— Почему? — спросила она.
— Потому что эта сумка — не настоящая «Женни Колон», а подделка, — прошептал я.
На её лице появилась растерянность, даже страх.
— Как это?
— Я в этом не разбираюсь, — отчаянно выдавил я из себя.
— Не может быть! Мы порядочные люди! — резко произнесла она. — Вам деньги вернуть прямо сейчас?
— Да!
Её лицо исказилось от боли и стыда. «Господи, — подумал я, — почему мне в голову не пришло просто выкинуть эту сумку, а Сибель сказать, что деньги возвращены?»

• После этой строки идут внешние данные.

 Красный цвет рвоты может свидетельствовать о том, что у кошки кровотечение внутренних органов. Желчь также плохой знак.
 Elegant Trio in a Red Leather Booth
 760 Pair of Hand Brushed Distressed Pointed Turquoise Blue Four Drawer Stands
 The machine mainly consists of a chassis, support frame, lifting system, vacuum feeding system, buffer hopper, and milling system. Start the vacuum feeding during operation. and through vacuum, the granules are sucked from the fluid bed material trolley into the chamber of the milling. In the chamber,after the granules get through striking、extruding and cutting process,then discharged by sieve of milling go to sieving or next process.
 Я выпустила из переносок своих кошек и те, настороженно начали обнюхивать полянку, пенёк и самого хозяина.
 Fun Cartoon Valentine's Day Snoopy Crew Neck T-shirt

— Послушайте, — попытался я исправить ситуацию. — вы или Шенай-ханым тут вовсе ни при чем. Просто мы, турки, слишком быстро учимся копировать модные европейские штучки. Мне лично важно только, чтобы сумка была удобной и красивой. А какой она марки, кто её сделал — без разницы.

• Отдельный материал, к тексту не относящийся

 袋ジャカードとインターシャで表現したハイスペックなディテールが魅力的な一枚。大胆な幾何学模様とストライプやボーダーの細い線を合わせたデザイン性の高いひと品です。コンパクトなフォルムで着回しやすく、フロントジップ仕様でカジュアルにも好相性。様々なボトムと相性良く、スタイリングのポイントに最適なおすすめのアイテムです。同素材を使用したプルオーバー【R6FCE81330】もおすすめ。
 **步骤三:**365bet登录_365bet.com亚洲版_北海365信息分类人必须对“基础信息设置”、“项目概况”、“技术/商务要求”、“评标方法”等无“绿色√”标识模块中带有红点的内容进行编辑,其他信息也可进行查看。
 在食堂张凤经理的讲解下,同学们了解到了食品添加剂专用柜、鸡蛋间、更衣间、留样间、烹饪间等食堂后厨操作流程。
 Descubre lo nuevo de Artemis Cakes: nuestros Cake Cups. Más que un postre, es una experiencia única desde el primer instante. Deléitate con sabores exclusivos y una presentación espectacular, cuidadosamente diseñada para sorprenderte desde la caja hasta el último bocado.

Однако мои слова прозвучали неубедительно.
— Подождите, сейчас я верну вам ваши деньги, — сухо сказала Фюсун.
Стыдясь своей грубости и смущенно уставившись перед собой, я замолчал. Но тут, несмотря на всю тяжесть моего постыдного положения, заметил, что Фюсун не может выполнить обещанное. Она растерянно смотрела на кассу, точно на лампу с джинном, и не подходила к ней. Потом лицо её внезапно покраснело и из глаз покатились слезы. Я приблизился к ней.
Она тихонько плакала. Не могу вспомнить, как вышло, что я обнял её. А она стояла, прижавшись головой к моей груди, и всхлипывала. «Извини, Фюсун, — шептал я, гладя её мягкие волосы, её лоб. — Пожалуйста, забудь обо всем. Это же всего-навсего сумка».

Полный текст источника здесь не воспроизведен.